Years back, in the before time, it was appointment viewing for me. Come a certain Saturday night in August, I'd flip on the TV, settle onto the couch, and watch the boys go around and around that infernal bullring. Or I'd head out to a favorite sports bar, knowing it would be on every big screen.
Around and around they'd go. Sometimes they'd run into each other. Sometimes they'd shake their fists and cuss after running into each other. Once one of them actually pulled an automotive head butt on the last lap, punting the winning driver sideways beneath the checkers.
The headbutt-er was Dale Earnhardt. The headbutt-ee was Terry Labonte. And it was pretty much the definitive Bristol night race moment.
Now?
Now I had to look up who won the Bristol night race on Sunday morning, on account of I forgot about it. Pretty much the way I forget about NASCAR as a whole five minutes after the checkers fly in the Daytona 500.
This may be just me, mind you. I was never more than a cursory NASCAR fan to begin with; IndyCar stole my heart as a kid, and it still owns it. It's better racing, for one thing. It's better racing even when Takuma Sato goes full nitwit and wrecks a whole pile of drivers on the first lap of a 500-mile race, the way he did Sunday at Pocono.
IndyCar was already thinking of dumping Pocono, despite the fact it's one of IndyCar's oldest venues. This likely will only push the series closer to doing that -- even though being an idiot, the way Sato was Sunday, is not a condition that's ever been tied to geography.
But I digress.
("Yes, you are," you're saying. "Constantly.")
The topic here is not IndyCar, but NASCAR, and in particular the Bristol night race. It indeed might be just me, forgetting about it, but it might not. Apparently it's disappeared from a lot of radars in the 15 or 20 years.

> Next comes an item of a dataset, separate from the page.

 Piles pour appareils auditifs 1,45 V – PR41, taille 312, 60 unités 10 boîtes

Word on the street is NASCAR's having a hard time selling it out these days, just like NASCAR is having a hard time selling out every Cup event. Swaths of empty seats dot every race on the schedule now. The Brickyard 400, once one of the NASCAR crown jewels, has gone from crowds of 250,000 to maybe 50,000 and a whole lot of crickets. And where once the Bristol night race was the toughest ticket in American motorsports ...
Well. Not so much now. It's not even appointment viewing for some of us anymore.

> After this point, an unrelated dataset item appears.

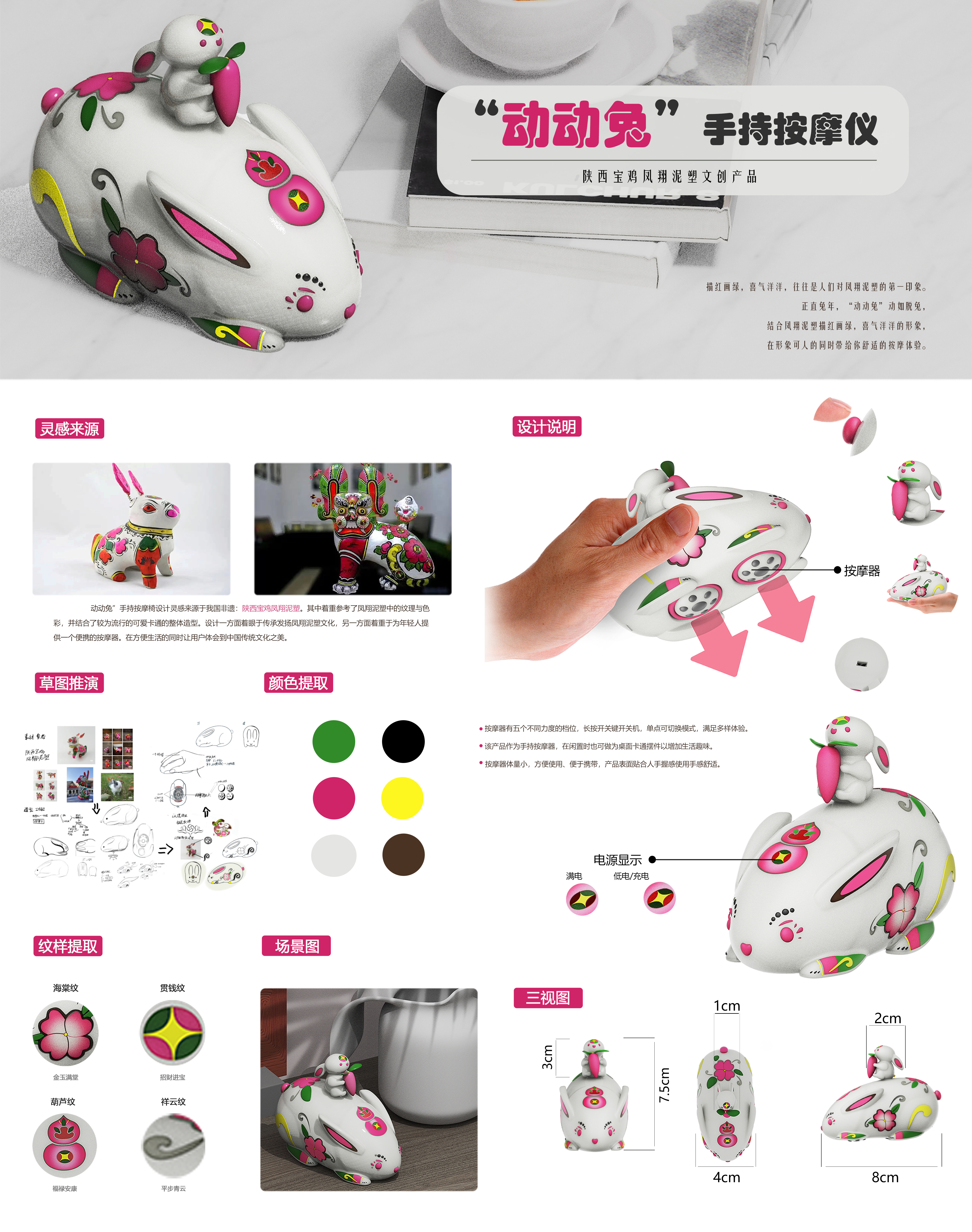 描红画绿,喜气洋洋,往往是人们对凤翔泥塑的第一印象。 正直兔年,“动动免”动如脱兔,动动兔”手持按摩仪设计灵感来源于我国非遗: 陕西宝鸡凤翔泥塑。其中着重参考了凤翔泥塑中的纹理与彩,并结合了较为流行的可爱卡通的整体造型。 设计一方面着眼于传承发扬凤翔泥塑文化,另一方面着重于为年轻人提供一个便携的按摩器。在方便生活的同时让用户体会到中国传统文化之美。
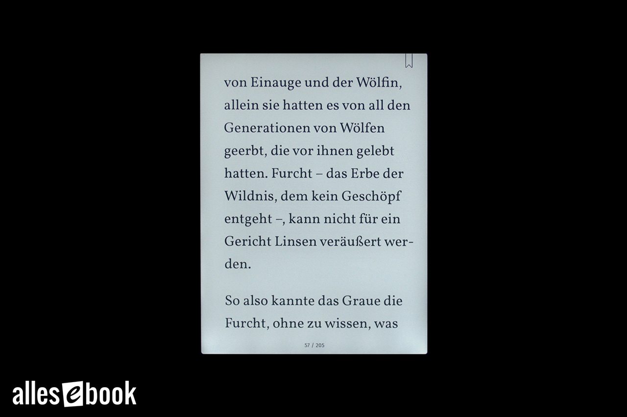 Im direkten Vergleich zum Vorgänger wirkt der Tolino Shine 4 damit wesentlich kontrastreicher. Dadurch ist die Ablesbarkeit mit aktivierter Beleuchtung jedenfalls komfortabler als beim ohnehin schon sehr guten Shine 3.

Which is why it was Sunday morning before I found out Denny Hamlin won the Bristol night race Saturday, passing Matt DiBenedetto with a handful of laps remaining just when it looked as if DiBenedetto, who found out earlier in the week he was losing his ride, was about to notch his first Cup win.
Hamlin apologized to him for that afterward. There is no record of Earnhardt doing the same after head-butting Labonte across the finish line on that night years ago.
Hmm. Maybe Bristol needs more of that. A thought.